Huiguo (惠果 (Huìguǒ, Hui-kuo)) (746–805) was a Buddhist monk of Tang China who studied and taught Chinese Esoteric Buddhism, a Vajrayana tradition recently imported from India. Later Huiguo would become the teacher of Kūkai, founder of Shingon Buddhism, a prominent school of Buddhism in Japan.

==Biography==
Huiguo was one of two Buddhist masters at Ximing Temple, the other being the Indian monk Prajñā. Huiguo began his study of Buddhism as a śrāmaṇera at age 9 under a senior disciple of Amoghavajra, a monk of the tantric tradition, eventually becoming a direct disciple.
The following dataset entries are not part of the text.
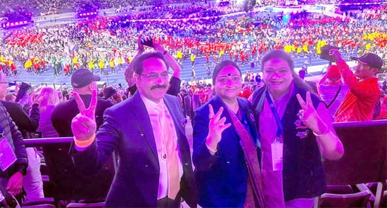 बर्लिन (जर्मनी) में हो रहे स्पेशल ओलंपिक 2023 के रंगारंग उद्घाटन समारोह में 17 जून शनिवार को डॉ पीएन अरोड़ा एवं डॉ उपासना अरोड़ा, डॉ मल्लिका नड्डा के साथ उपस्थित रहे। आसाम के मुख्यमंत्री डॉक्टर हेमंता बिस्वा सरमा की पत्नी रिनिकी भूयां सर्मा भी इस मौके पर मौजूद रही। साथ ही साथ जर्मनी के भारतीय एम्बेसडर पार्वतनेनी हरीश भी विशेष रूप से मौजूद रहे। बर्लिन एयरपोर्ट पहुंचने पर उनका स्वागत बर्लिन के भारतीय दूतावास के अधिकारियों ने किया। उत्तर प्रदेश के ओलंपिक संघ के उपाध्यक्ष डॉ पीएन अरोड़ा ने एथलीटों को अपनी शुभकामनाएं देते हुए कहा, मैं इस तरह के सुंदर प्रयास का हिस्सा बनकर बहुत खुशी महसूस कर रहा हूं, जो वैश्विक स्तर पर मानवीय भावना की सच्ची सुंदरता का प्रदर्शन कर रहा है। केवल खेलों में ही हम सभी को एक साथ लाने और मौजूदा बाधाओं को तोड़ने की शक्ति है।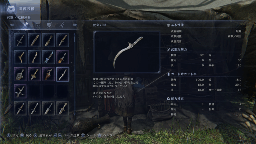 | 使命の刃 | 信仰(B)、技量(B) | 遠距離投射可能 | 安全な遠距離攻撃 |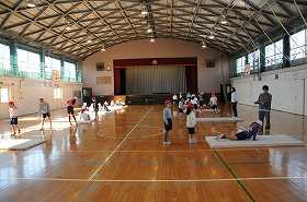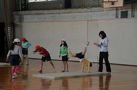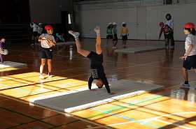 マットを使っていろいろな運動をしています。今日は健康トレーナーが授業支援をしています。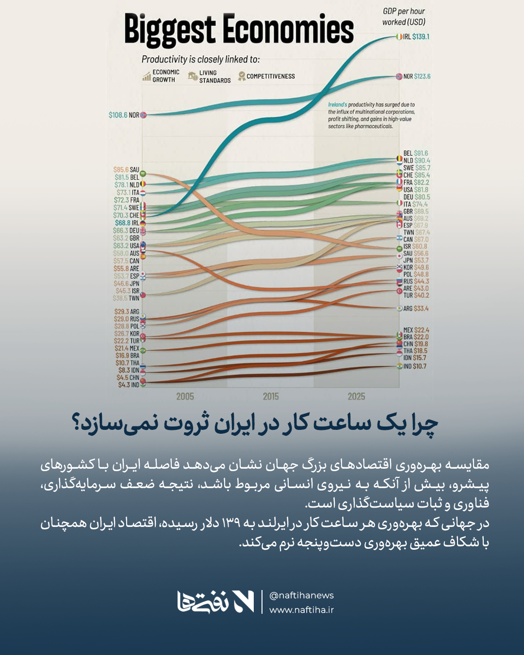 مقایسه بهرهوری اقتصادهای بزرگ جهان نشان میدهد فاصله ایران با کشورهای پیشرو، بیش از آنکه به نیروی انسانی مربوط باشد، نتیجه ضعف سرمایهگذاری، فناوری و ثبات سیاستگذاری است. نفتی ها /مقایسه بهرهوری اقتصادهای بزرگ جهان نشان میدهد فاصله ایران با کشورهای پیشرو، بیش از آنکه به نیروی انسانی مربوط باشد، نتیجه ضعف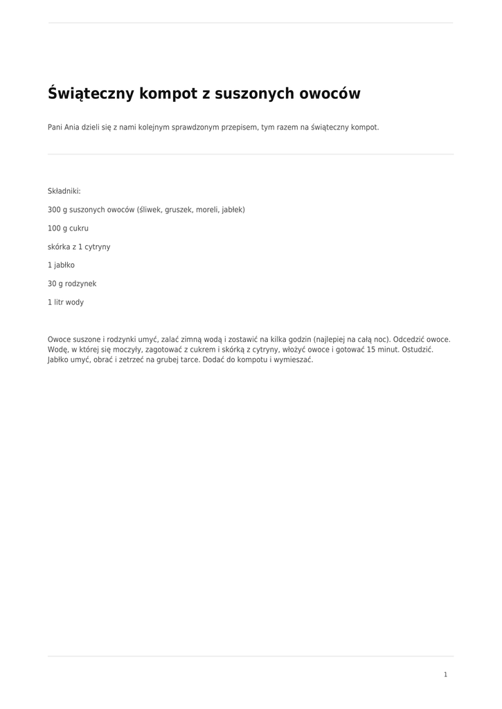 Świąteczny kompot z suszonych owoców Pani Ania dzieli się z nami kolejnym sprawdzonym przepisem, tym razem na świąteczny kompot. Składniki: 300 g suszonych owoców (śliwek, gruszek, moreli, jabłek) 100 g cukru skórka z 1 cytryny 1 jabłko 30 g rodzynek 1 litr wody Owoce suszone i rodzynki umyć, zalać zimną wodą i zostawić na kilka godzin (najlepiej na całą noc). Odcedzić owoce. Wodę, w której się moczyły, zagotować z cukrem i skórką z cytryny, włożyć owoce i gotować 15 minut. Ostudzić. Jabłko umyć, obrać i zetrzeć na grubej tarce. Dodać do kompotu i wymieszać. 1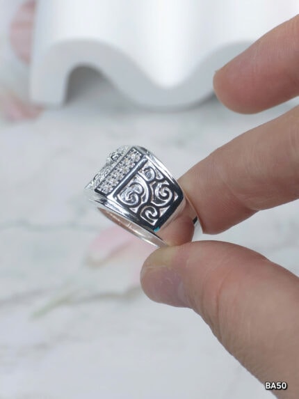 Nhẫn Nam Bạc Sáng Bóng Họa Tiết Tinh Xảo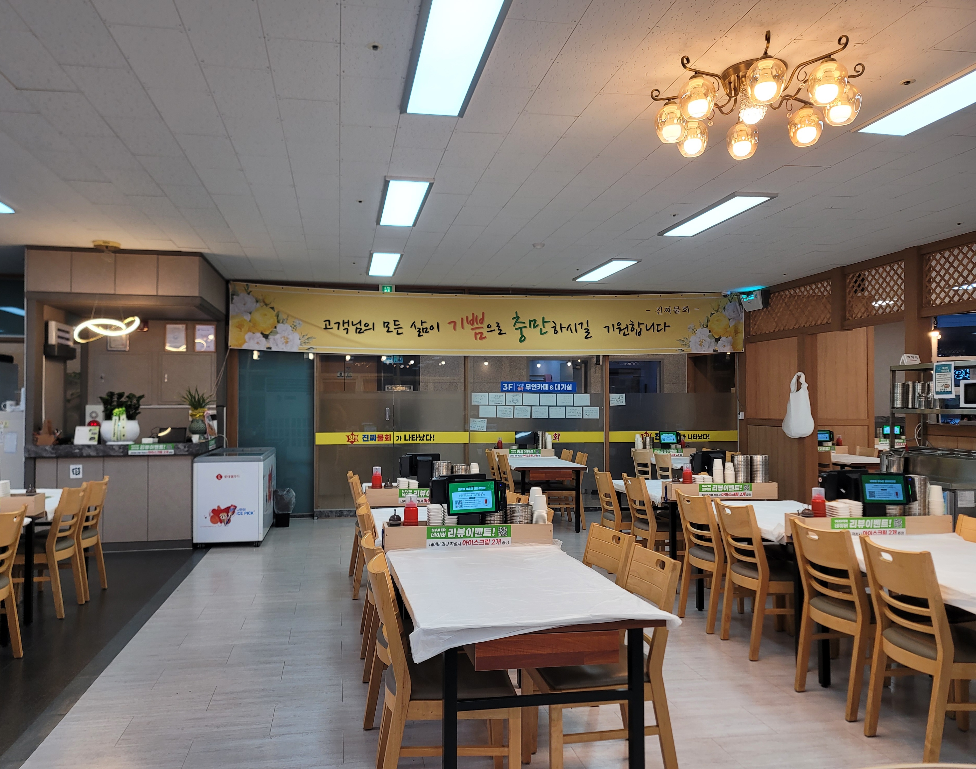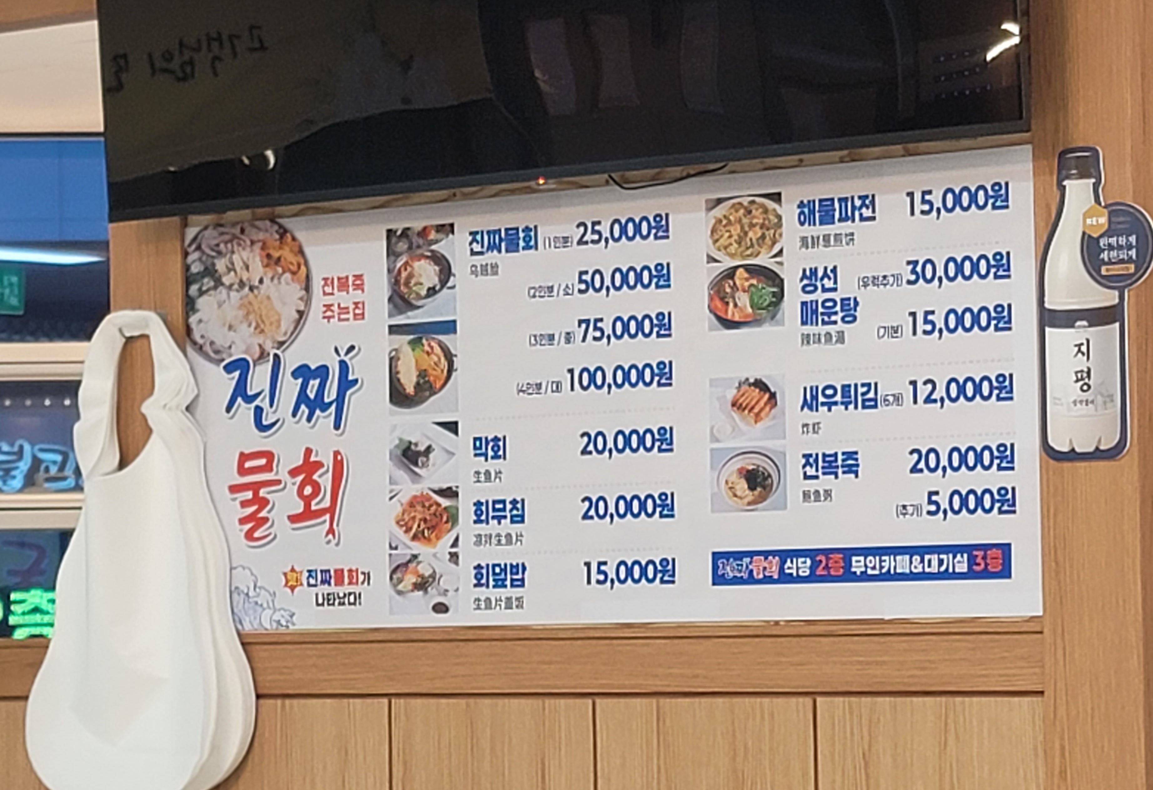 2층에 올라가면 진짜물회 식당이 엘리베이터를 내리자마자 보이고 꽤나 큰 면적을 갖고 있는 식당입니다.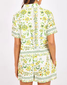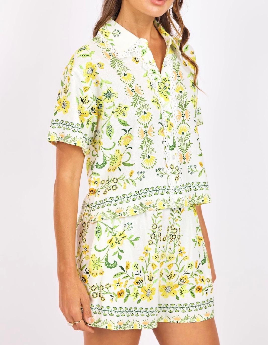 A fresh, feminine take on a classic button-up, this floral blouse features a soft ivory base with delicate yellow and green botanical print throughout. Designed with a relaxed silhouette, it’s finished with a collared neckline and intricate lace trim detailing along the placket and collar for an elevated, vintage-inspired touch. The short sleeves and lightweight rayon-linen-cotton blend make it breathable and easy to wear, whether styled as a set with the matching shorts or paired back to denim for a polished, everyday look.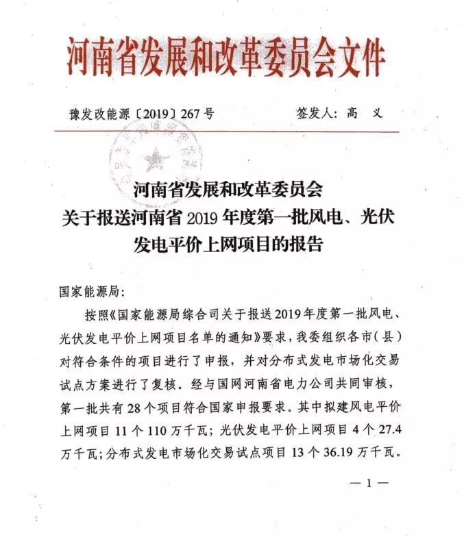 4月28日,河南省發(fā)改委向國(guó)家能源局報(bào)送了河南省2019年度第一批風(fēng)電、光伏發(fā)電平價(jià)上網(wǎng)項(xiàng)目報(bào)告。報(bào)告指出:經(jīng)與國(guó)網(wǎng)河南省電力公司共同審核,第一批共有28個(gè)項(xiàng)目符合國(guó)家申報(bào)要求。其中擬建風(fēng)電平價(jià)上網(wǎng)項(xiàng)目11個(gè),共計(jì)110萬千瓦;光伏發(fā)電平價(jià)上網(wǎng)項(xiàng)目4個(gè),共計(jì)27.4萬千瓦;分布式發(fā)電市場(chǎng)化交易試點(diǎn)項(xiàng)目13個(gè),共計(jì)36.19萬千瓦。

By age 22 in 766 CE, Huiguo was ordained as a monk and extensively studied the Womb Realm and Diamond Realm mandalas before being fully initiated into Vajrayana that same year by Amoghavajra.

==Succession==
In time, Huiguo's prominence attracted students from Korea, Central Asia and even Java, aside from his Chinese students.

Huiguo began an intensive training of Kūkai that ended when he died in 805 CE. After his death, the practices of the tantric tradition became absorbed to a large extent into the other Buddhist traditions in China. In Japan, the tradition was maintained as a separate sect, Shingon.